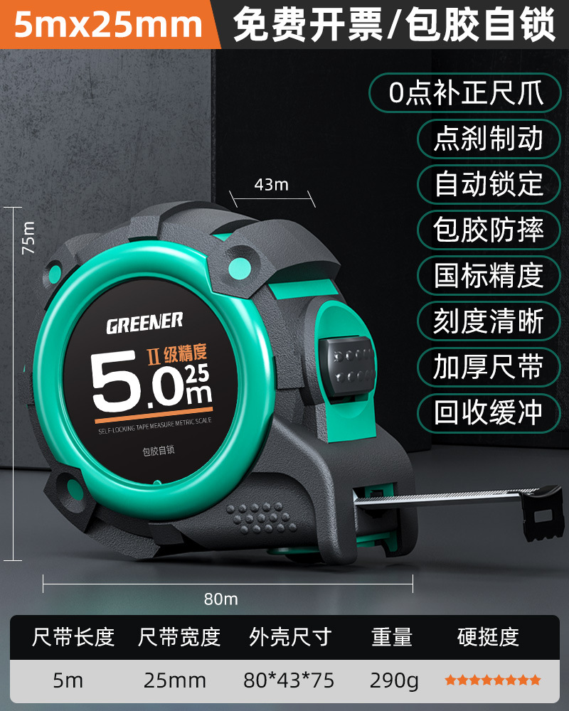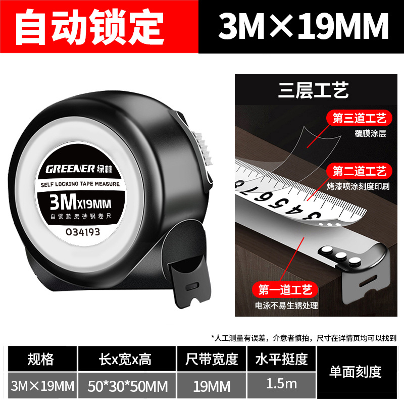 녹색 숲 강철 테이프 가정용 두꺼운 경화 5 미터 내마모성 안티 드롭 미니 3 통치자 GB 정밀 10 미터 통치자스토어 가기
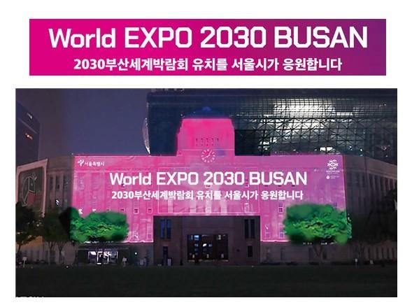 엑스포 개최지가 최종 발표되는 29일 새벽 1시 무렵까지 서울도서관 외벽에는 "월드엑스포 2030 부산(World EXPO 2030 BUSAN), 2030 부산세계박람회 유치를 서울시가 응원합니다"라는 메시지가 표출된다.
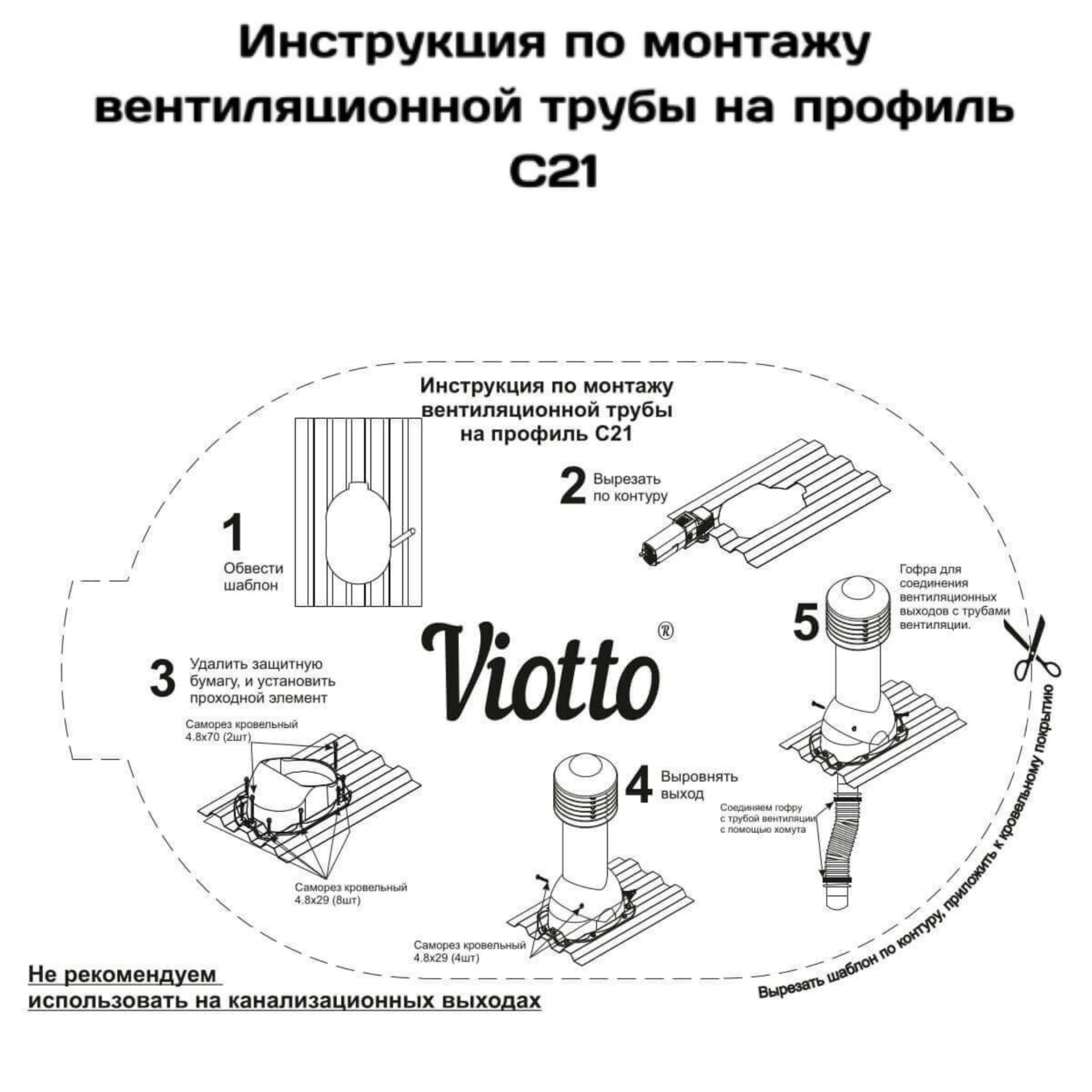 Труба вентиляции VIOTTO 150/125 мм. утепленная для профнастила С21 обеспечивает приток свежего воздуха и правильную циркуляцию воздушных потоков в доме.
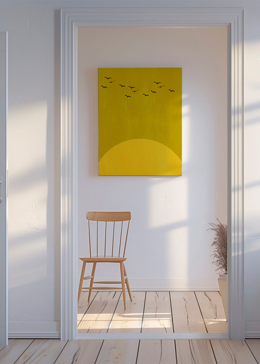 Un cuadro de la colección cuadros geométricos, creada por KUBISTIKA, con tonalidades de colores amarillos, y orientada en vertical. Las formas geométricas y abstractas ayudan a crear un ambiente desenfadado y creativo. Convierte tu casa en un hogar lleno de estilo.
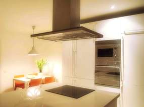 La cocina también cumple con los requisitos más exigentes: desde una moderna isla de cocción con vitrocerámica hasta un horno, microondas, lavavajillas y todos los pequeños electrodomésticos necesarios, como cafeteras de diferentes tipos, tostadora...
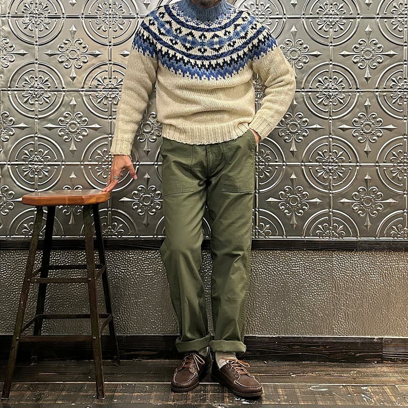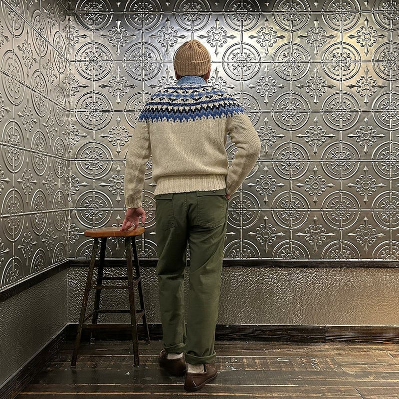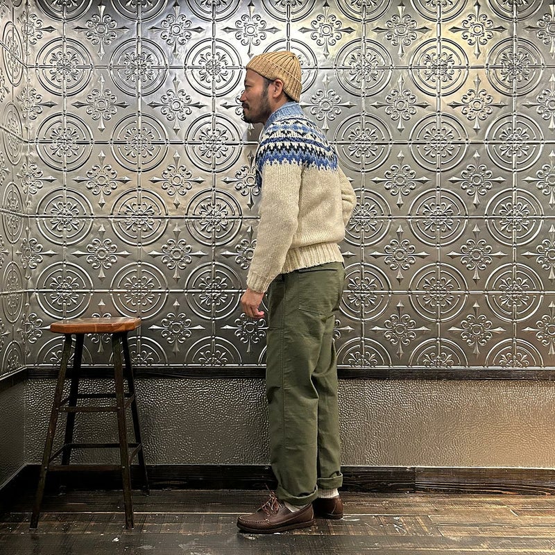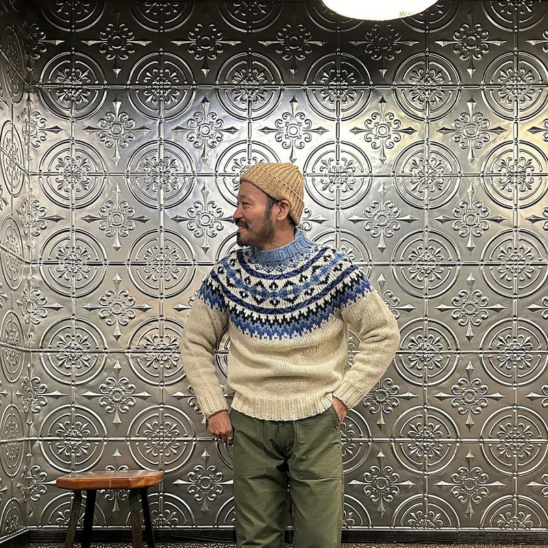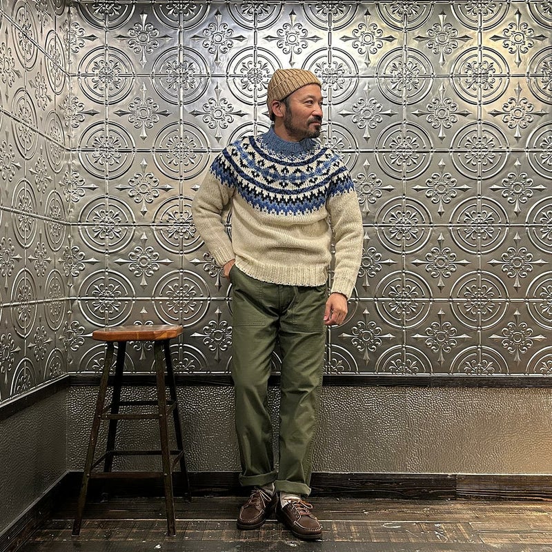 170センチ68キロでサイズは40サイズで丁度良いサイズです。胸元辺りに施されたフェアアイル柄はインナー使いには最適なアイテム。中厚の生地感に暖かみのある雰囲気。軽くて着易いので男女関係なくオススメしたいですね。

PROBLEM DESCRIPTION
When you restate the listing above, give each line word for word but leave out every image.

WRITTEN SOLUTION
 녹색 숲 강철 테이프 가정용 두꺼운 경화 5 미터 내마모성 안티 드롭 미니 3 통치자 GB 정밀 10 미터 통치자스토어 가기
 엑스포 개최지가 최종 발표되는 29일 새벽 1시 무렵까지 서울도서관 외벽에는 "월드엑스포 2030 부산(World EXPO 2030 BUSAN), 2030 부산세계박람회 유치를 서울시가 응원합니다"라는 메시지가 표출된다.
 Труба вентиляции VIOTTO 150/125 мм. утепленная для профнастила С21 обеспечивает приток свежего воздуха и правильную циркуляцию воздушных потоков в доме.
 Un cuadro de la colección cuadros geométricos, creada por KUBISTIKA, con tonalidades de colores amarillos, y orientada en vertical. Las formas geométricas y abstractas ayudan a crear un ambiente desenfadado y creativo. Convierte tu casa en un hogar lleno de estilo.
 La cocina también cumple con los requisitos más exigentes: desde una moderna isla de cocción con vitrocerámica hasta un horno, microondas, lavavajillas y todos los pequeños electrodomésticos necesarios, como cafeteras de diferentes tipos, tostadora...
 170センチ68キロでサイズは40サイズで丁度良いサイズです。胸元辺りに施されたフェアアイル柄はインナー使いには最適なアイテム。中厚の生地感に暖かみのある雰囲気。軽くて着易いので男女関係なくオススメしたいですね。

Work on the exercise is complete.